A divisão entre os partidos dentro dos EUA excede em muito a divisão encontrada entre os EUA como um todo e a Europa. As divisões políticas também existem na Europa, e as pesquisas de opinião pública no Reino Unido e Noruega mostre que o partido influencia igualmente a ameaça percebida da mudança do clima. No entanto, há algumas evidências de que o Partido Republicano dos EUA é anômalo entre partidos conservadores internacionalmente. Em outras palavras, os republicanos americanos são mais anti-climáticas do que outros partidos conservadores internacionalmente.

É possível que o forte sistema bipartidário nos EUA leve a um modo de pensar mais binário sobre esse assunto que não represente com precisão o da comunidade científica. Sociólogo Aaron McCright e seus colegas argumentam que o alto número de americanos que se identificam com a direita política explica por que os EUA, ao contrário de outros países ricos, menos preocupado sobre as alterações climáticas.

Fechando a lacuna

Alguns sugerem que a divisão política alimentou uma indústria de negadores e céticos da mudança climática, distorcendo a percepção pública sobre a ciência da mudança climática. Os historiadores da ciência Naomi Oreskes e Erik Conway argumentam em seu livro “Mercadores da Dúvida” essa negação é mais do que a ciência. É sobre sistemas políticos e econômicos que os indivíduos prezam.

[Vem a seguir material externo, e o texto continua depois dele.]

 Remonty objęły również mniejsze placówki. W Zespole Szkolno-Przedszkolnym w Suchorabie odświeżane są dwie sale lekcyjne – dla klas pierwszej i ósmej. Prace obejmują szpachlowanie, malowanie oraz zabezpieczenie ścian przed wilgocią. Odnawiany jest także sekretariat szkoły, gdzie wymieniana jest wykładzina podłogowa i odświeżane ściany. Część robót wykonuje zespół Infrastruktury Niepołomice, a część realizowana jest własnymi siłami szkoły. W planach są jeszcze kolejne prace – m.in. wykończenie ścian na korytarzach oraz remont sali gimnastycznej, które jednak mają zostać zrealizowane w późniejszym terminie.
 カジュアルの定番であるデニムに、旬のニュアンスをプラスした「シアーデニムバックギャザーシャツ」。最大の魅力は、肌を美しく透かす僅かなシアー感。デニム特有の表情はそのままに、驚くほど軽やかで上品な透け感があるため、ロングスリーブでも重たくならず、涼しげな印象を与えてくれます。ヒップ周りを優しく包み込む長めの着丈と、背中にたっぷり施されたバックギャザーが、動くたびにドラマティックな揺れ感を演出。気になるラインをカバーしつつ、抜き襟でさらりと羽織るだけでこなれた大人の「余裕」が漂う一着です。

Também pode resultar de diferenças na cultura profissional ou valores pessoais.

Nos EUA, muitos dos mais céticos e denegadores da mudança climática emergem conservadores think tanks que reverenciam o sistema capitalista industrial.

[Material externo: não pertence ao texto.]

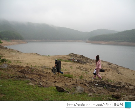또한 저수지는 맨바닥이다. 군데 군데 모래와 마사토 그리고 돌무더기들이 널려 있어 생미끼 낚시는 틀려보였다. 우리는 자리를 정하고 짐을 옮겨 대를 펴본다.
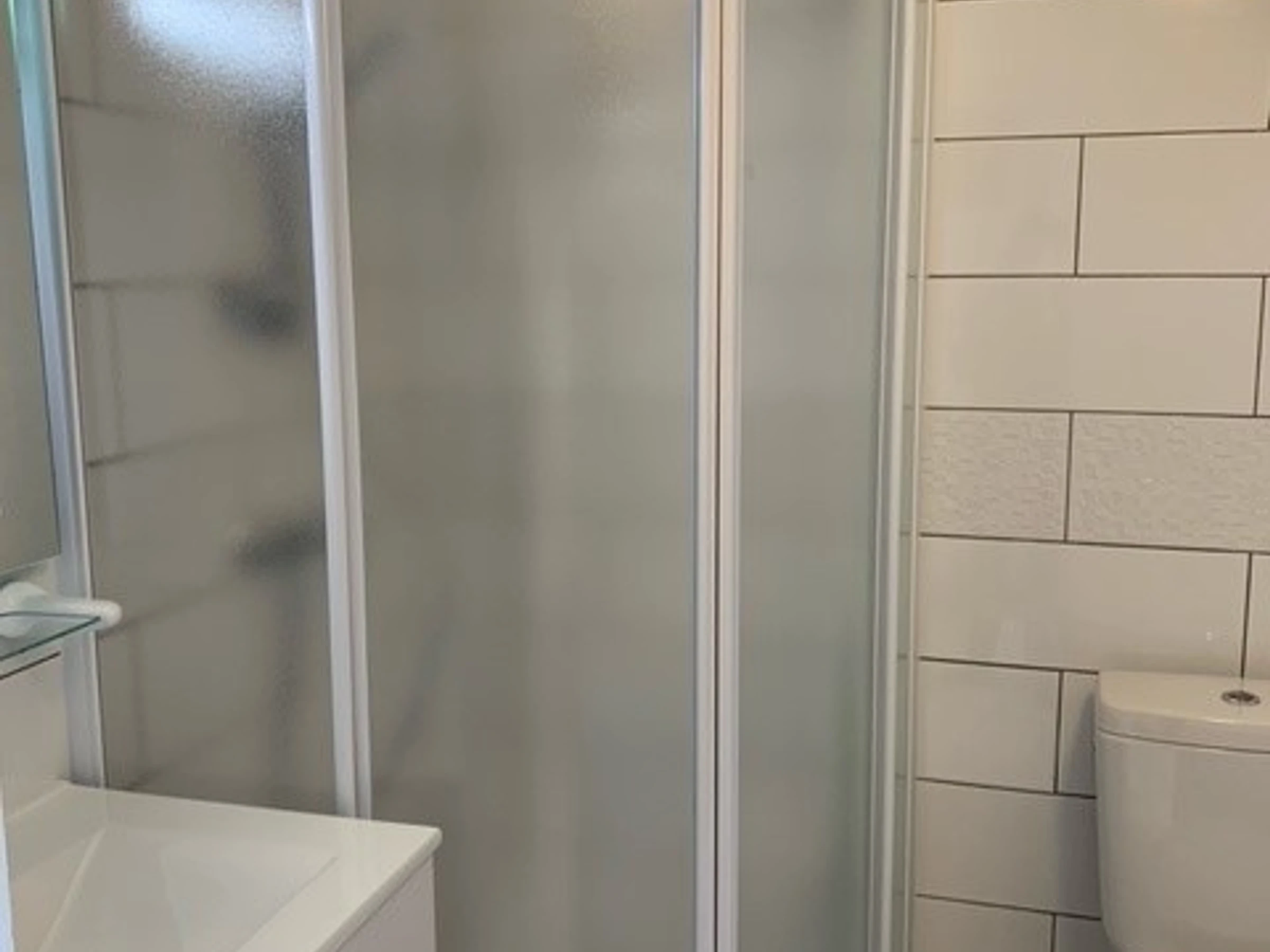 La salle d'eau est avec douche, toilettes et machine à laver.
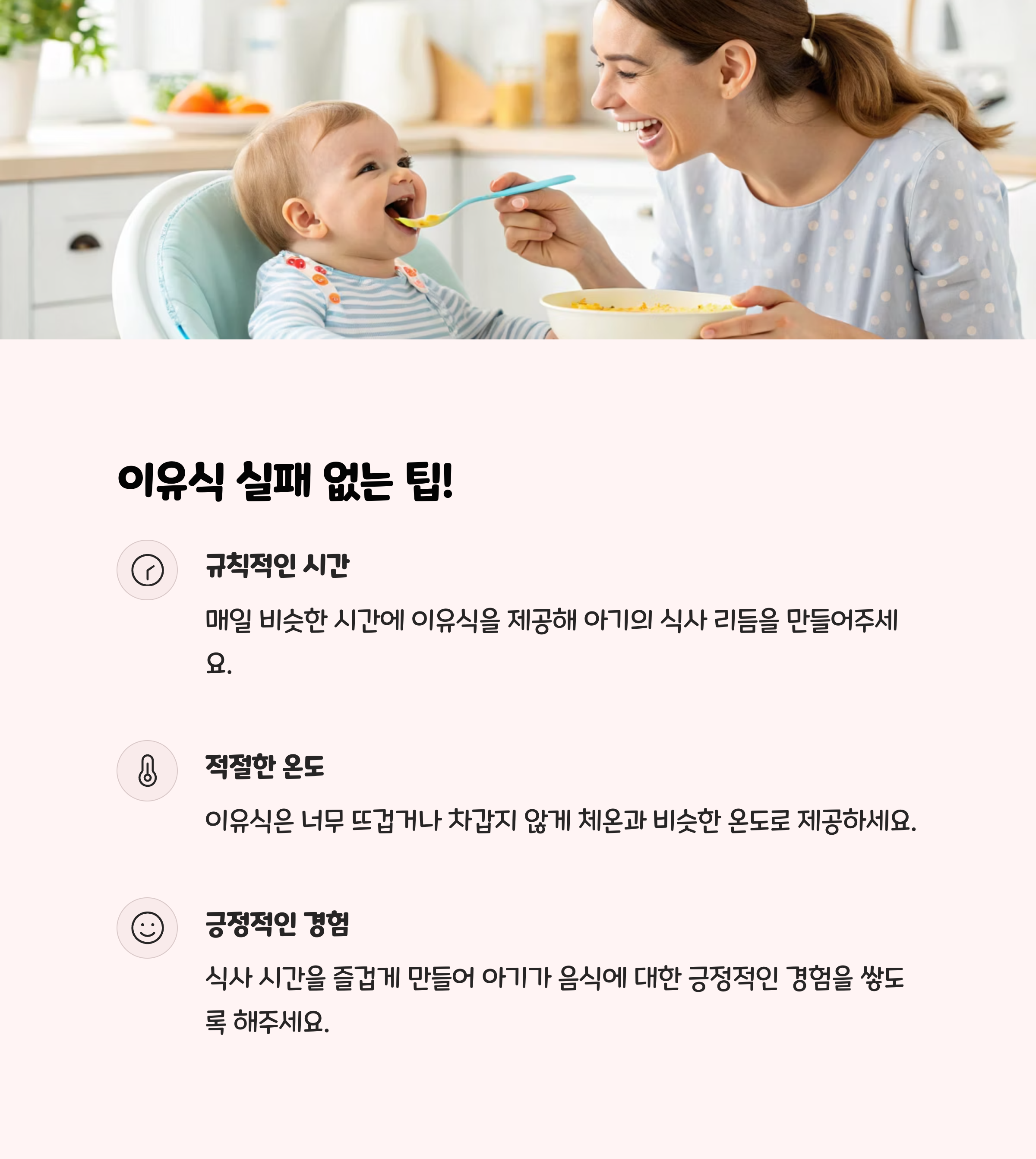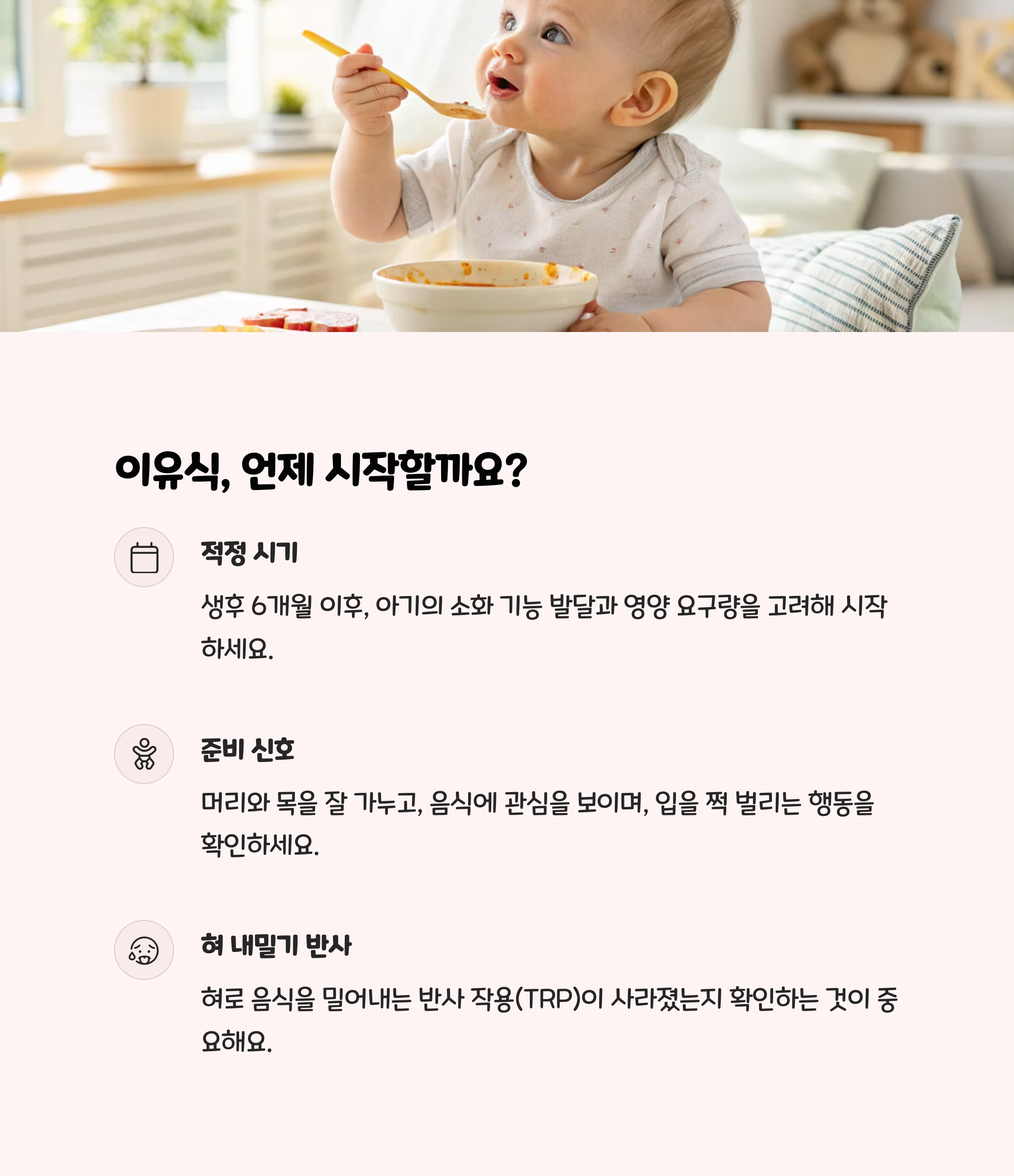 이유식은 생후 6개월 이후 시작하는 것이 좋아요. 아기의 준비 신호를 잘 관찰하는 것이 중요하답니다.

Na Europa, as diferenças entre os países também podem ser explicadas vozes de think tanks conservadores e a mídiamas essas vozes são mais influentes nos EUA do que em qualquer outro lugar por causa do sistema bipartidário. Conflitos partidários sobre as mudanças climáticas surgem de fontes influentes e bem financiadas que exercem grande influência sobre Congresso, a mídia e, finalmente, o público. Em contrapartida, a maioria dos países europeus tem mais de dois partidos e, sem dúvida, a influência política das corporações é menor.

A ConversaçãoDada a divisão política das alterações climáticas nos EUA, abordar esta ameaça do 21st exigirá pensamento criativo que reconhece visões de mundo diferentes e “crenças” na mudança climática. O Caucus das Soluções Climáticas da Casa dos EUA é um passo na direção certa.

Sobre o autor

Gregory J. Carbone, professor de Geografia, University of South Carolina

Este artigo foi originalmente publicado em A Conversação. Leia o artigo original.